Opinions expressed in AGB blogs are those of the authors and not necessarily those of the institutions that employ them or of AGB.
Note: The COVID-19 pandemic has accelerated a shift in what students think of higher education. This is the second in a series of three posts from Six Red Marbles looking ahead to these possibly seismic shifts and how to prepare your institution for the student of the future.
One thing the pandemic has made crystal clear is that online education is here to stay. Quality online education has become a strategic goal for most colleges and universities; the question is less about if they will create more online programs than how many they will create and on what timeline.
The technology available to create online courses is continually in flux and improving, which means that online courses are also changing rapidly. The rapid shift to online instruction due to the COVID-19 pandemic has further accelerated shifts in online course trends. While it is impossible to fully predict what an online course will look like, here are some of our projections for what the next couple of years of online courses have in store.
Emphasis on the Student
Student-centric, learner-focused courses and programs are growing in popularity. Whether it’s small, individualized instruction that is more closely tailored to a student’s need or letting students be the drivers of what they want to study, the pandemic gave students more flexibility in where they learned and how that learning was measured. Now that students have had a taste of being in the driver’s seat, it’s likely that this demand for more opportunities to direct their learning will continue to grow.

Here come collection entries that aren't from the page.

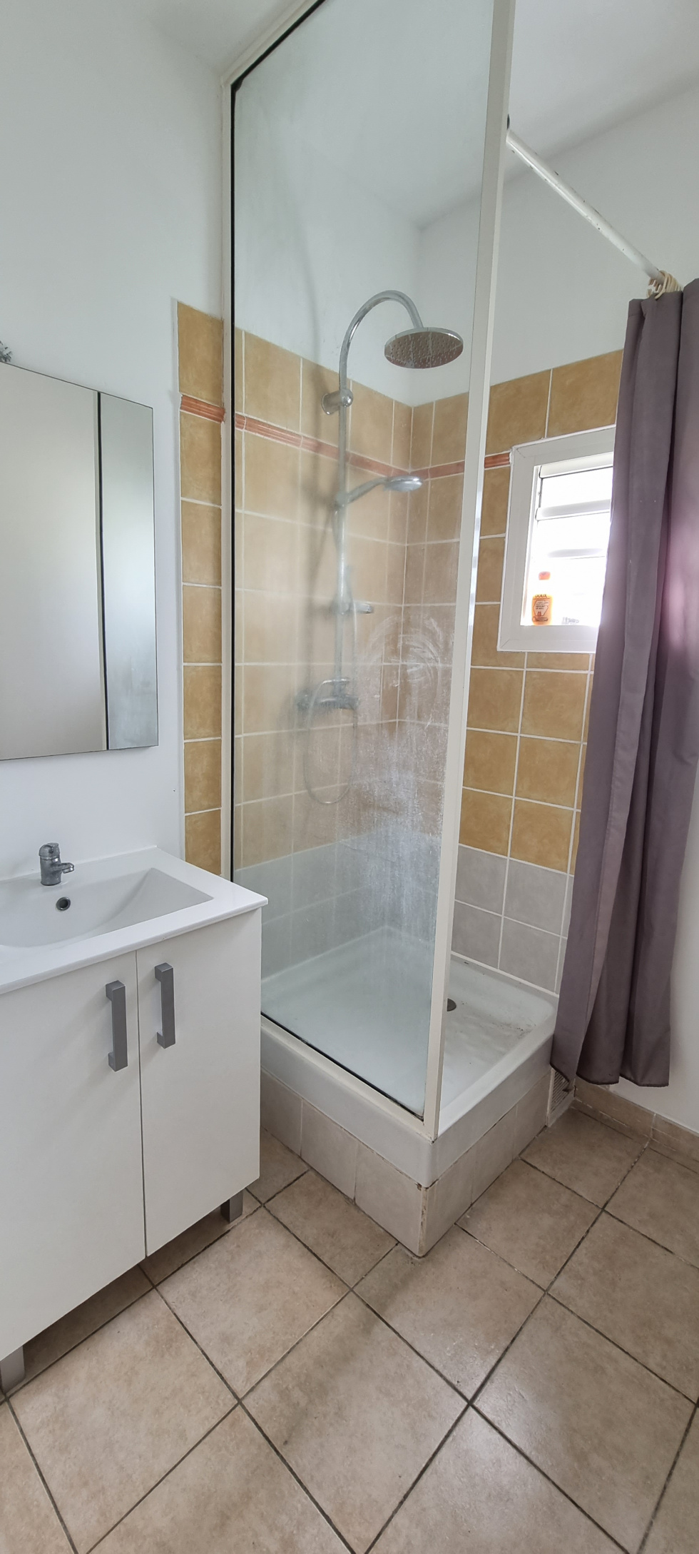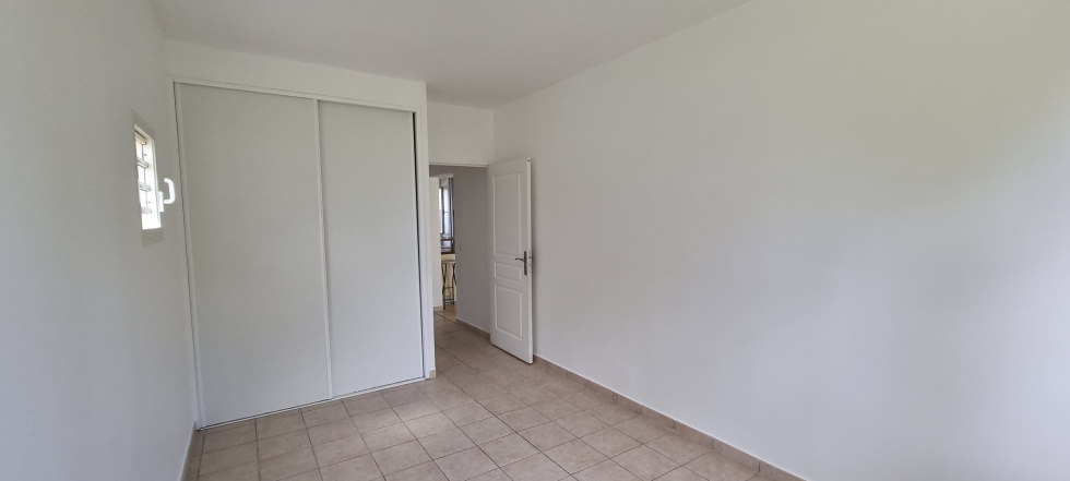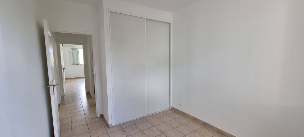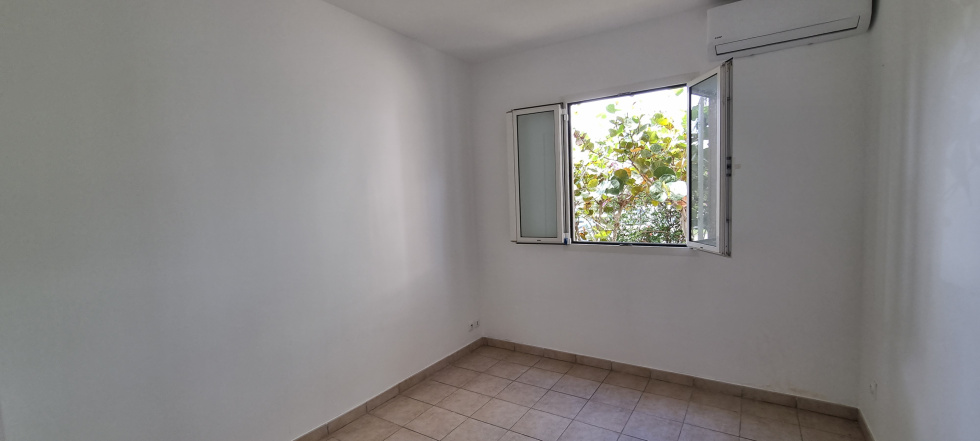 Il se compose d'une entrée avec placard, d'un séjour, d'une cuisine équipée d'une plaque et d'une hotte, un dégagement donnant accès à deux chambres climatisées avec placard intégrés, une salle d'eau et un WC indépendant.
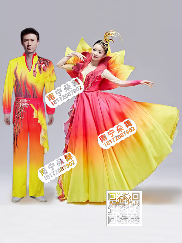简单描述: 红黄渐变五片花瓣大摆裙火焰条纹V领男现代1
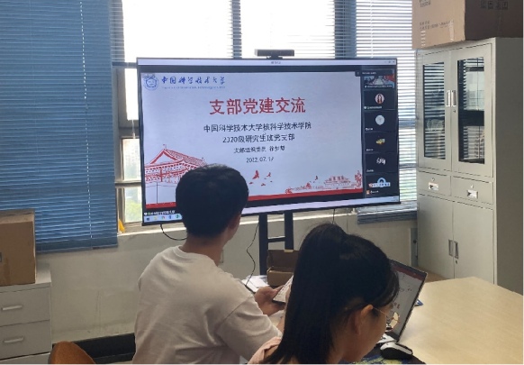 随后,两支部分别介绍支部建设情况。中科大核科学技术学院2020级研究生班党支部组织委员徐梦梦从管理经验、党史学习教育、党日活动等方面介绍支部建设成果与经验。午夜av 核技术应用与防护研究生党支部书记莫洪以“师生同行筑堡垒 红专并济创一流”为主题分享了支部建设中师生“共学”“共行”“共研”,构建师生党建共同体,形成具有鲜明学科特色党支部的心得体会。双方就组织生活开展、宣传,纵向党支部建设等进行交流。
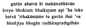 5. Better indeed in this. world to live even upon alms than to slay the teachers of high honor. But, were I to slay these teachers, I should only in this world enjoy the pleasures of wealth, delights stained with blood.
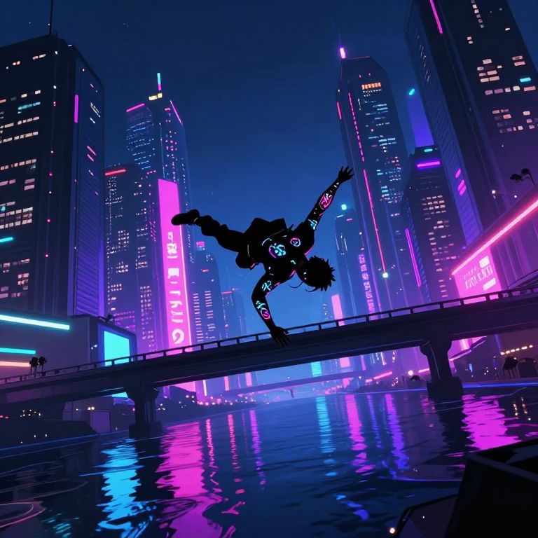 Silhouetted breakdancer mid-flip on bridge, neon-lit futuristic cityscape with vibrant blue, pink, and purple lights reflecting on
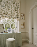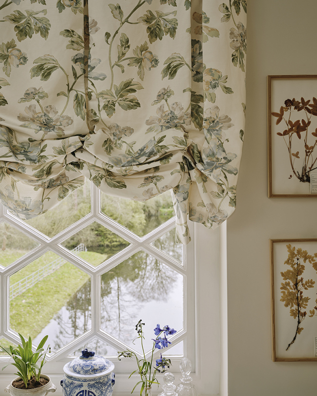 The delicate beauty of open peonies is captured in this softly painted floral, each bloom shaped by a nuanced interplay of tonal colour. Bettina reflects the charm of early twentieth-century block printed florals, where botanical refinement meets confident artistic expression. Soft washes of colour bring vitality to the leaves, a distinctive detail that celebrates the character and craftsmanship of this enduring tradition.
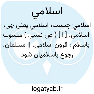 ( صفت ) ۱ - منسوب به اسلام آنچه از تمدن و فرهنگ و جز آن که منسوب به اسلام باشد. ۲ - پیرو اسلام مسلمان. جمع: اسلامیان. یا دور. اسلامی عهد اسلامی. دور. بعد از اسلام. یا قرون اسلامی. قرنهایی که از آغاز اسلام ببعد سپزی شده است.
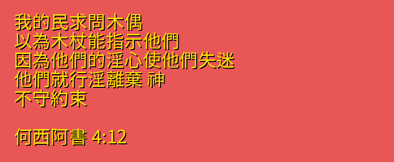 我的民求問木偶、以為木杖能指示他們、因為他們的淫心使他們失迷、他們就行淫離棄 神、不守約束。
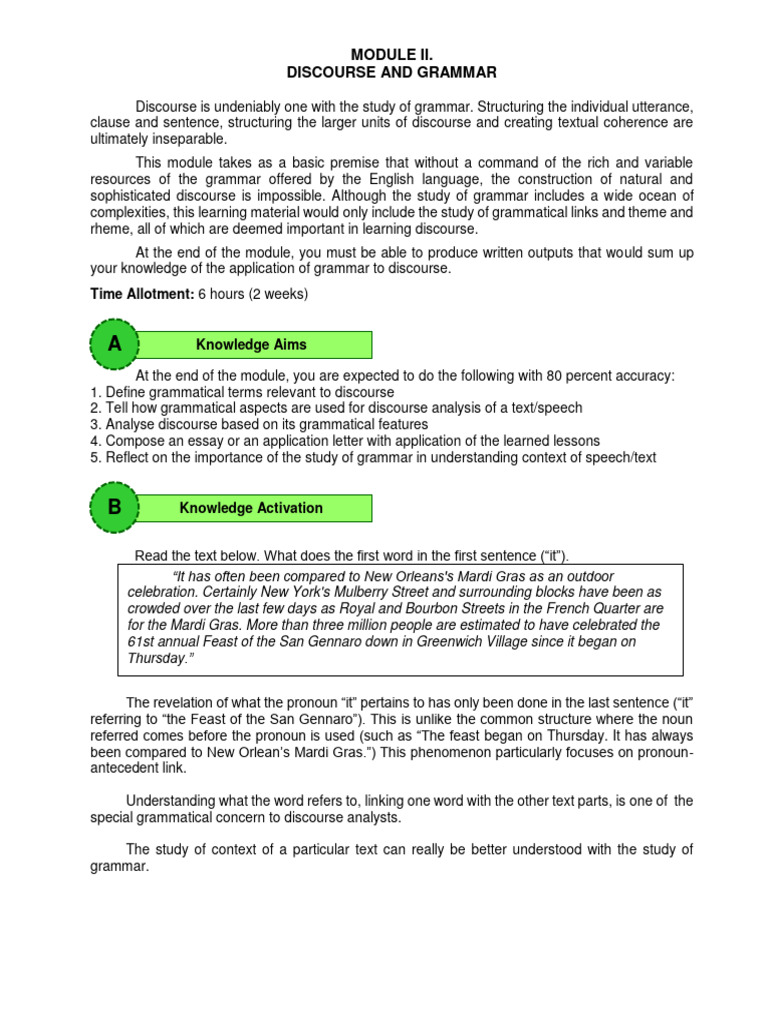 Discourse Module 2 PDF Subject (Grammar) Verb
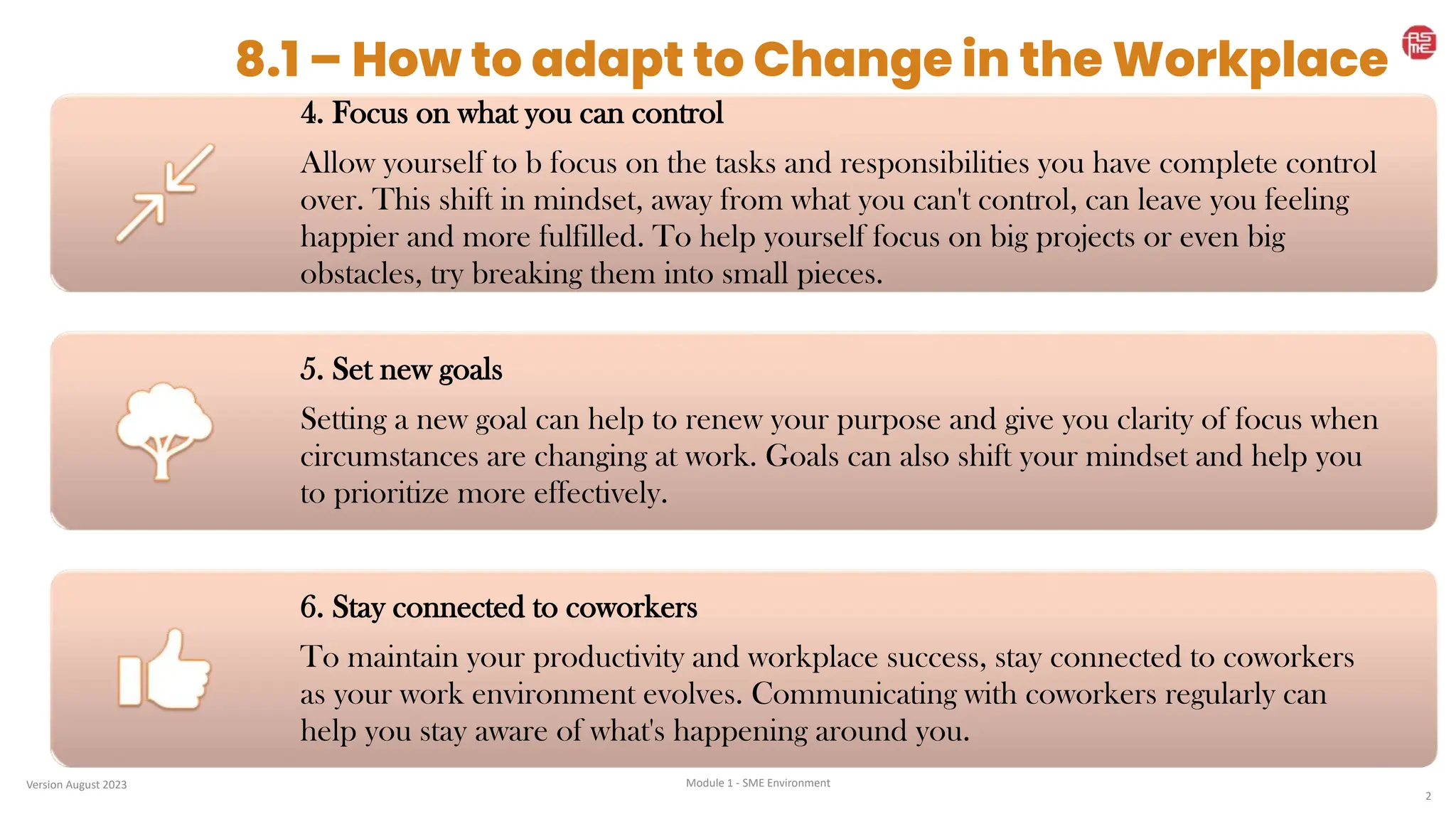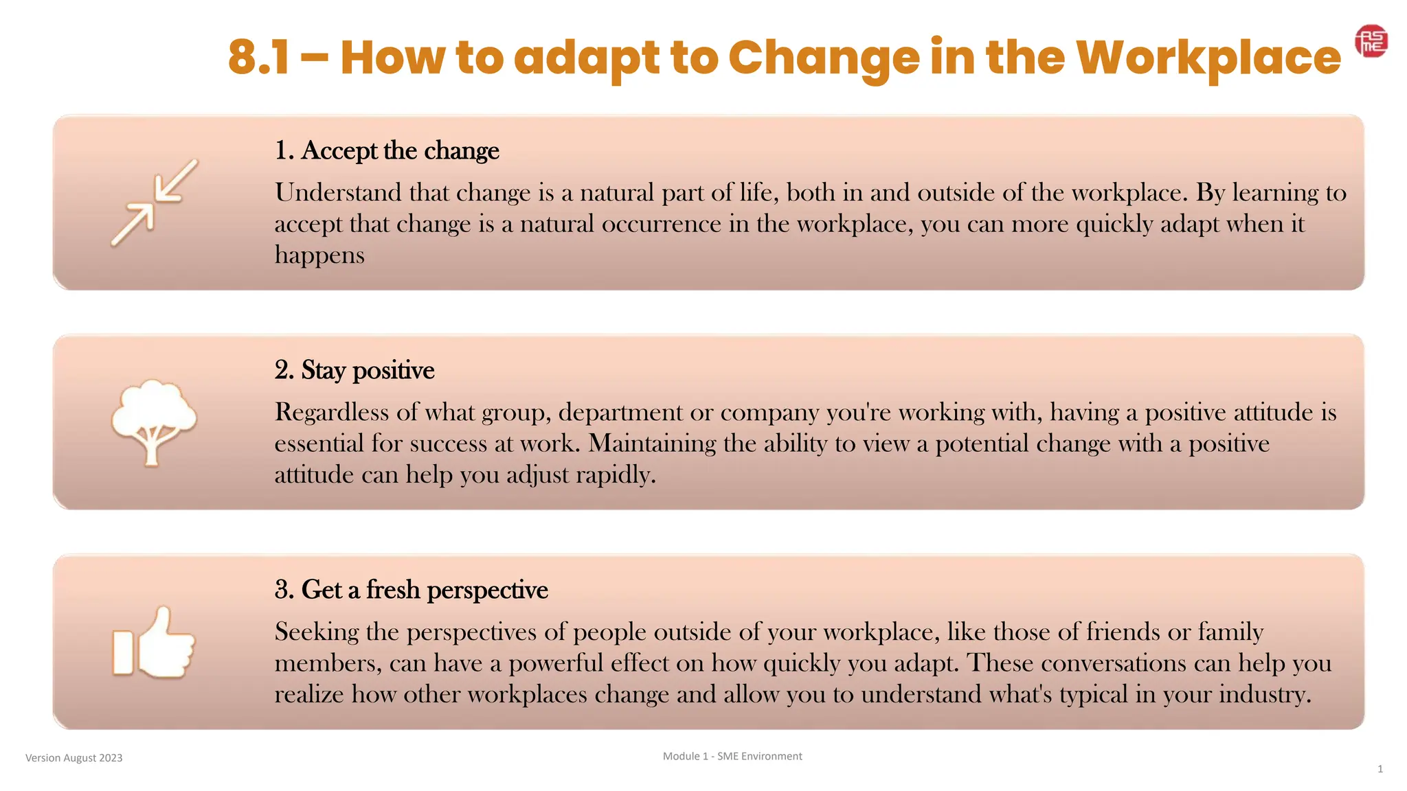 The document outlines strategies for adapting to change in the workplace, emphasizing the acceptance of change as a natural occurrence. Key approaches include maintaining a positive attitude, seeking external perspectives, focusing on controllable aspects, setting new goals, and staying connected with coworkers. These strategies aim to enhance productivity and foster a supportive work environment during transitions.
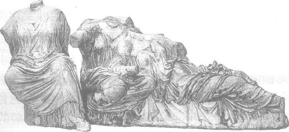 希腊神话中有许多有趣的故事,据说雅典娜是从宙斯头脑里诞生的。掌管生死和命运的三女神(克罗托司生命之线,拉科西斯司生命长短之线,阿特洛波斯司切断生命之线)前往祝贺。雕刻家十分大胆地将三女神处理成年轻美貌的少女,她们身穿丝质长袍,薄薄的有韵律的衣纹显露出少女丰盈的富有弹性的身躯。不因岁月的流逝,也不因折断了臂膀和头颅,她们的青春魅力而有所减损。这就是雕刻家菲狄亚斯和他同代雕刻家们对人类做出的伟大贡献。
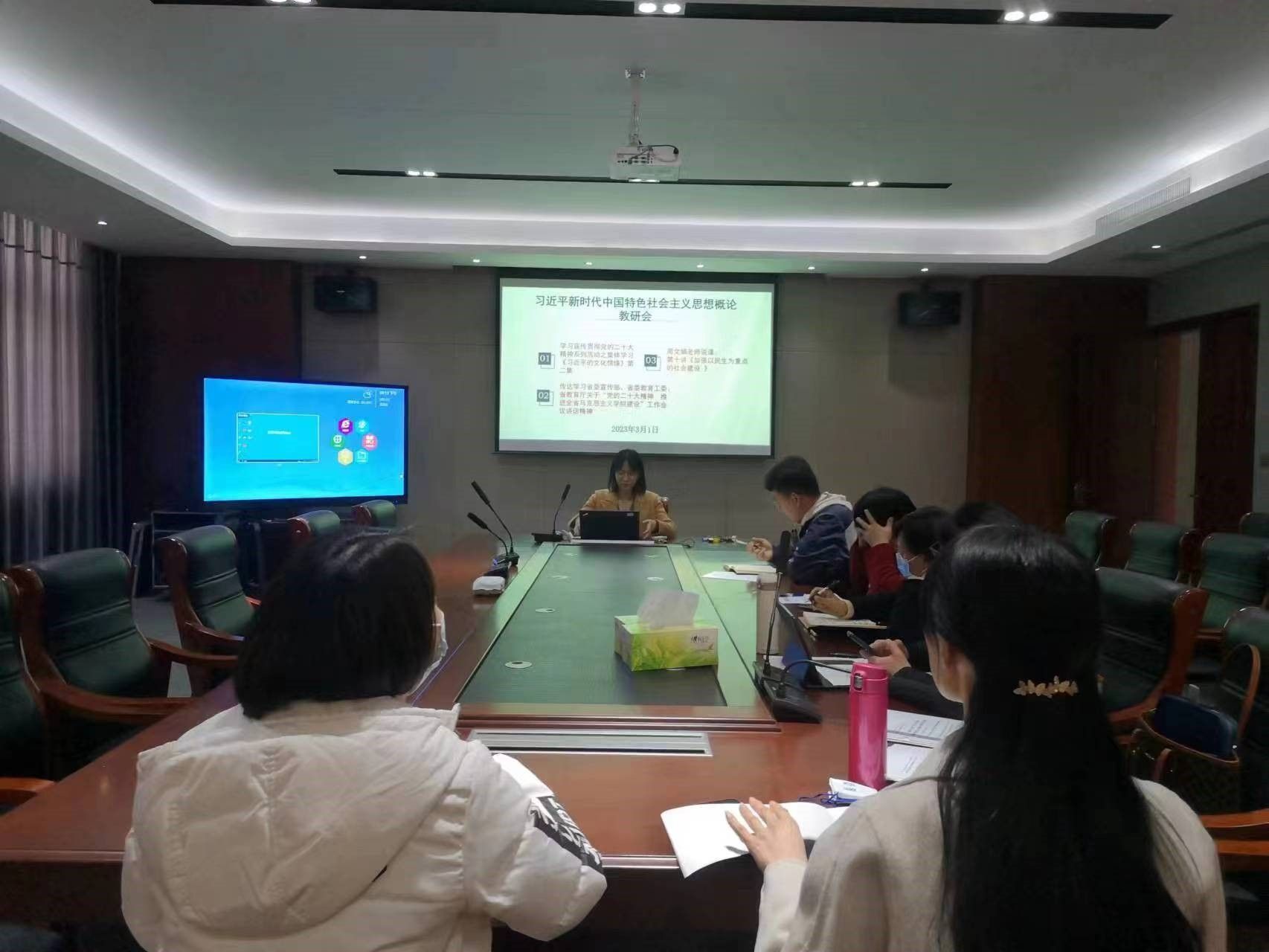 3月1日下午,习近平新时代中国特色社会主义思想概论教研室全体专职教师在综合楼三楼学习研讨中心召开了教研会。为进一步深入学习贯彻党的二十大报告精神,建设马克思主义学院学习型党支部,提高党员教师的学习本领和理论水平,会议首先学习了《习近平文化情缘》第二集视频,通过学习,使大家了解了敦煌文化的独特魅力和保护传承敦煌文化的重要意义,帮助大家更好地把讲好敦煌文化故事、“一带一路”的故事融入到课程中,引导青年学生共筑民族文化自信。

As we create our online courses, we should be asking ourselves, “What does the learner need?” and “How can we design with the learner in mind?”
One of the big things that students need is educational content that is closely tailored to their future career interests. Students want to be able to create their own majors and select paths that are tailored to their individual interests, whether that’s a career in social justice or a series of courses to help them better understand our changing climate.
Students who have experienced the benefits of a flexible learning environment are also eager to have the flexibility to take courses either in-person or online, depending on their needs. Many nontraditional students, including parents and students in the workforce, benefit from the flexibility of online courses.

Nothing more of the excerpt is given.